At its meeting today, the Monetary Board decided to maintain the BSP’s key policy interest rates at 7.5 percent for the overnight borrowing or reverse repurchase (RRP) rate and 9.75 percent for the overnight lending or repurchase (RP) rate.
The Monetary Board is of the view that the present monetary policy settings remain appropriate to prevailing demand and supply-side conditions. Latest forecasts continue to show a generally declining path for inflation until next year, with average inflation for 2007 expected to settle within the 4-5 percent target in the absence of further adverse shocks. The stronger peso should help keep down the domestic prices of imported commodities, particularly crude oil, while the favorable outlook for agriculture should help ensure stable food prices. Meanwhile, the continued easing of core inflation suggests minimal demand-based inflation pressures. Aggregate demand, to date, has been largely driven by consumer spending.

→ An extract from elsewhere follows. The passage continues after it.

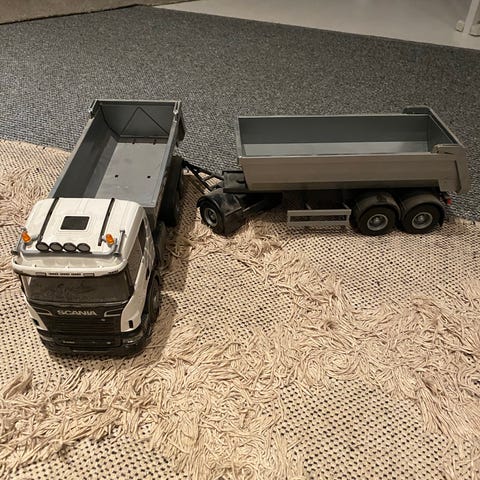 Kuvien yhdistelmä jouten, takaovet tulostettu molempiin ja nupin pressusta yksi lenkki revennyt. Muuten eheä kampe. Kärry pikkupyörillä.
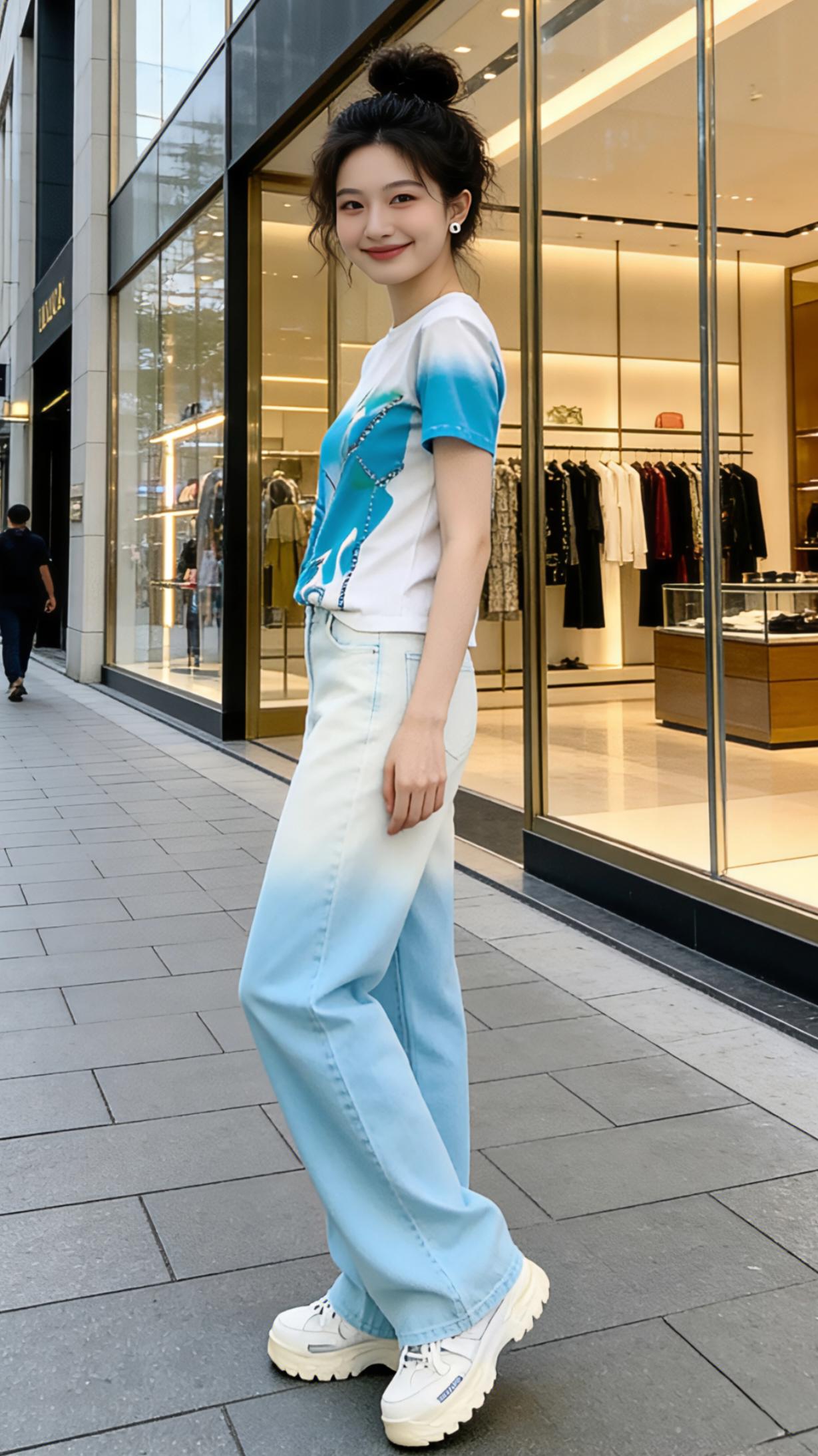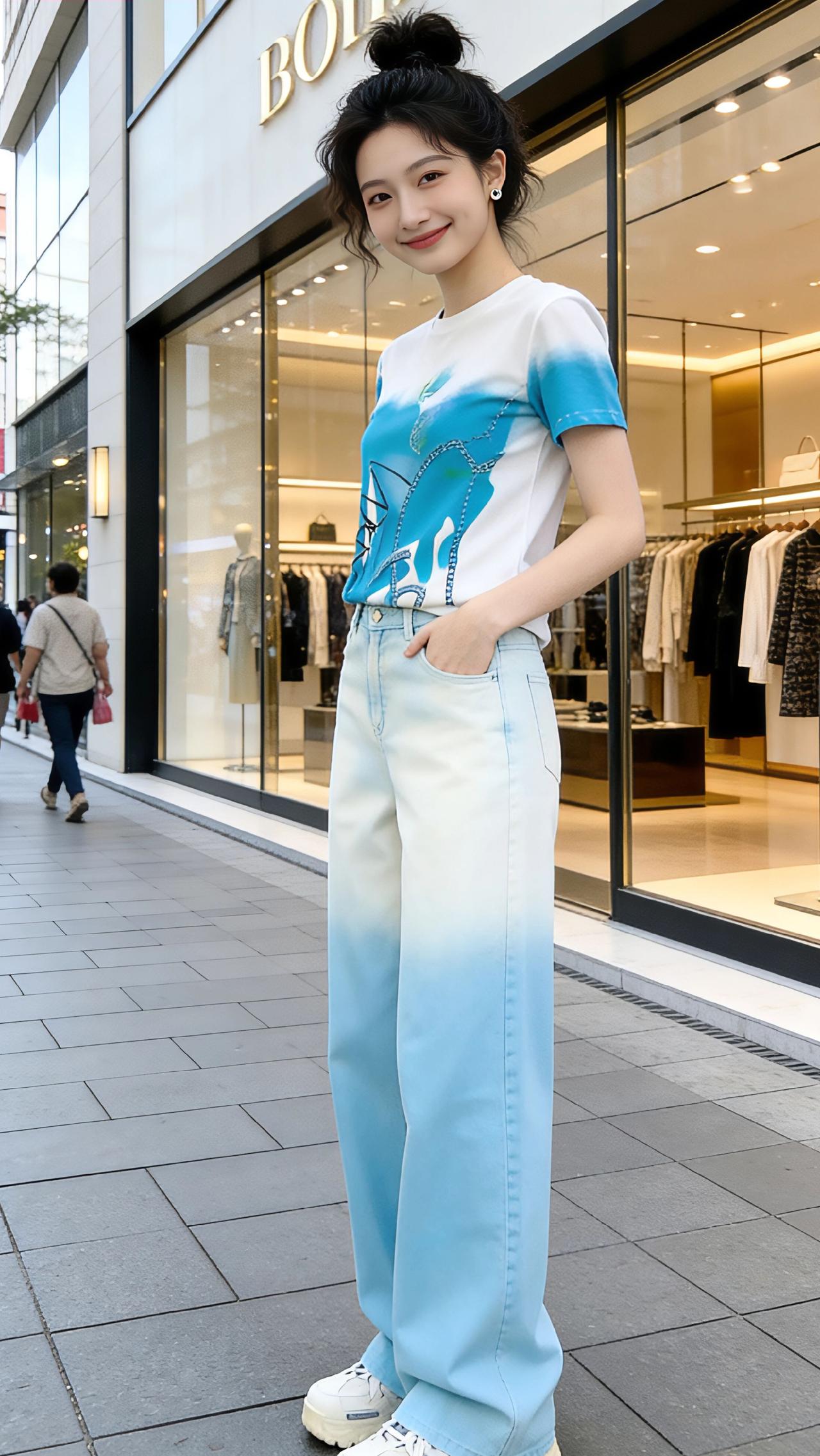 蓝调都市漫步 风掠过步行街的灰色地砖,带着橱窗里衣料的轻软气息,拂过她高扎的丸子头。渐变蓝的T恤像把天空揉碎了穿在身上,从白到浅蓝再到清透的湖蓝,和渐变色牛仔裤连成一片流动的蓝调,在都市的喧嚣里晕开一抹清爽。 她站在高级服装店的落地窗前,玻璃映出店内暖黄的灯光和错落的衣饰,也映出她眼底的笑意。耳上的银饰在光里闪着细碎的光,像藏在发间的星子。有时她会将手插进裤袋,姿态松弛又利落;有时侧身迈步,宽大的裤脚扫过地面,带着随性的飒爽。 行人步履匆匆擦肩而过,她却像自成一方天地。这身蓝白渐变的穿搭,是都市里的一抹呼吸感——不刻意张扬,却在不经意间,把夏日的清爽和都市的精致,都揉进了每一步里。风又起时,她抬眼望向街角,蓝调的衣摆轻轻晃动,像在与这座城市,共赴一场温柔的漫步。 早春穿搭 时尚女装 春夏穿搭 新款上新

However, the Monetary Board also recognized that the inflation outlook remained at risk from energy-related cost-side pressures. These pressures stem mainly from the vulnerability of world oil prices to supply constraints and geopolitical disruptions. Potential shifts in the public’s inflation expectations will thus continue to require monitoring. The possibility of such shifts does not appear to be a pressing concern at the moment, but could become a risk in the future if cost pressures escalate more sharply than expected. This assessment applies equally to potential second-round pressures linked to wage-setting behavior. Liquidity conditions will also continue to be closely monitored in view of their potential impact on inflation.
The Monetary Board remains strongly committed to achieving the inflation targets for the medium term and stands ready to act against emerging risks to the outlook for inflation and to inflation expectations.